The company has reportedly demanded a blanket 20% discount on all invoices from MultiChoice’s service providers. The cut applies across the board, from office suppliers to production houses and even new contractors, in what insiders describe as a sweeping cost-reduction order from Canal+ headquarters.

While negotiations continue, payments have been temporarily frozen, according to sources quoted by Business Times.

The move follows Canal+’s full takeover of Africa’s largest pay-TV operator, now rebranded as Canal+ Africa. While the merged entity reaches over 40 million subscribers across the continent, Multichoice, over the past two financial years, faced financial losses, mounting competitive and macroeconomic pressures. It also lost 2.8 million active linear subscribers (8% year-on-year), split evenly between South Africa and the rest of Africa. 

MultiChoice has  3,269 independent service providers; Many of these small and mid-sized suppliers could be hit hard by the discount demand, which threatens to unravel long-term partnerships and squeeze already thin margins.

Canal+ did not immediately respond to a request for comment.

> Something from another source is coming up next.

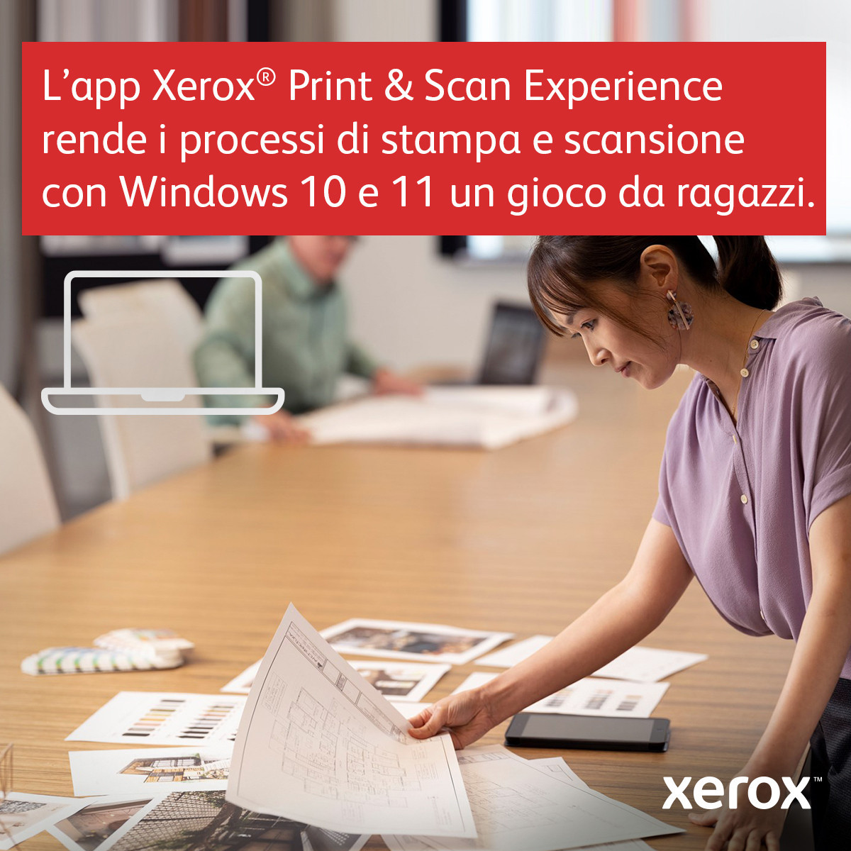 La stampante multifunzione Xerox B305 è dotata di Wi-Fi integrato con funzionalità Wi-Fi Direct ed è facile da configurare grazie al software Xerox® Smart Start per una operatività immediata. Stampate dai vostri dispositivi mobili con il supporto di stampa con Apple AirPrint, Mopria Print Service e Chromebook. Progettata per le piccole aziende che necessitano delle funzioni di stampa, copia e scansione. Con funzioni quali stampa fronte/retro automatica su carta Letter e Legal, un alimentatore automatico da 50 fogli, capacità carta standard di 250 fogli, un processore Dual Core da 1 GHz con 512 MB di memoria e volumi di stampa mensili fino a 2.500 pagine, la B305 è una macchina instancabile. Fate di più con la piattaforma Xerox Workflow Central opzionale, che consente di convertire i documenti in altre lingue, trasformare i messaggi scritti a mano in documenti di testo condivisibili, creare file audio di copie cartacee da ascoltare in movimento, oscurare automaticamente contenuti riservati e convertire le scansioni in applicazioni Microsoft Office. Xerox garantisce un efficiente servizio di riciclaggio delle cartucce toner.

The Competition Commission, which approved Canal+’s acquisition in May 2025, under strict public-interest conditions, has confirmed it is assessing whether the French firm’s actions breach those conditions, particularly the clauses meant to protect small businesses and historically disadvantaged suppliers.

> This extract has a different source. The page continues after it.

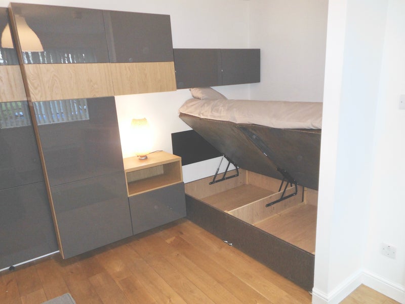 Your bedroom area has lots of storage, A double bed that easily lifts up to reveal a large storage area (see photo) with a great mattress, and wardrobe. The en-suite has a powerful shower with plenty of hot water, Toilet, wash basin, electricity heated towel rail and air extraction fan.

“The Commission will investigate these allegations in terms of the Competition Act 89 of 1998, as amended, to establish whether there has been a breach of the conditions of approval of the Merger,” Siyabulela Makunga, its spokesperson, said. “ If allegations are found to be true, the Commission, in terms of the Act, recommends a requisite penalty.”

“The aggressive cost-cutting measures are not surprising,” said Peter Takaendesa, chief investment officer at Mergence, an investment management firm. “But Canal+ will face both operational and regulatory hurdles as it seeks to change long-standing payment terms and supplier relationships.”

Minority shareholders face “squeeze-out”

As suppliers brace for financial strain, minority shareholders are also feeling the pressure.

On October 24, Canal+ issued a formal Notice of Compulsory Acquisition to buy out all remaining MultiChoice shares not yet tendered during the buyout process. The move, executed under Section 124(1) of South Africa’s Companies Act, allows Canal+ to force remaining shareholders to sell, completing its 100% takeover.

Once finalised, MultiChoice will be delisted from the Johannesburg Stock Exchange (JSE) and A2X, becoming a wholly owned subsidiary of Canal+. The transaction marks Canal+’s largest-ever acquisition, giving it control over a broadcasting empire that serves 14 million customers across Africa.

During the Canal+–MultiChoice acquisition, experts raised concerns about risks to media freedom, local content creators, and consumer choice. But the fallout is now spreading beyond, affecting suppliers and shareholders. 

Jamiel Carim, Partner at Africa International Advisors, a management consulting firm, said post-merger, Canal+ will need to navigate significant operational challenges, including “mismatched company cultures, incompatible tech systems, infrastructure gaps, and currency conversion risks.” Carim warned that these challenges are complex and costly to manage.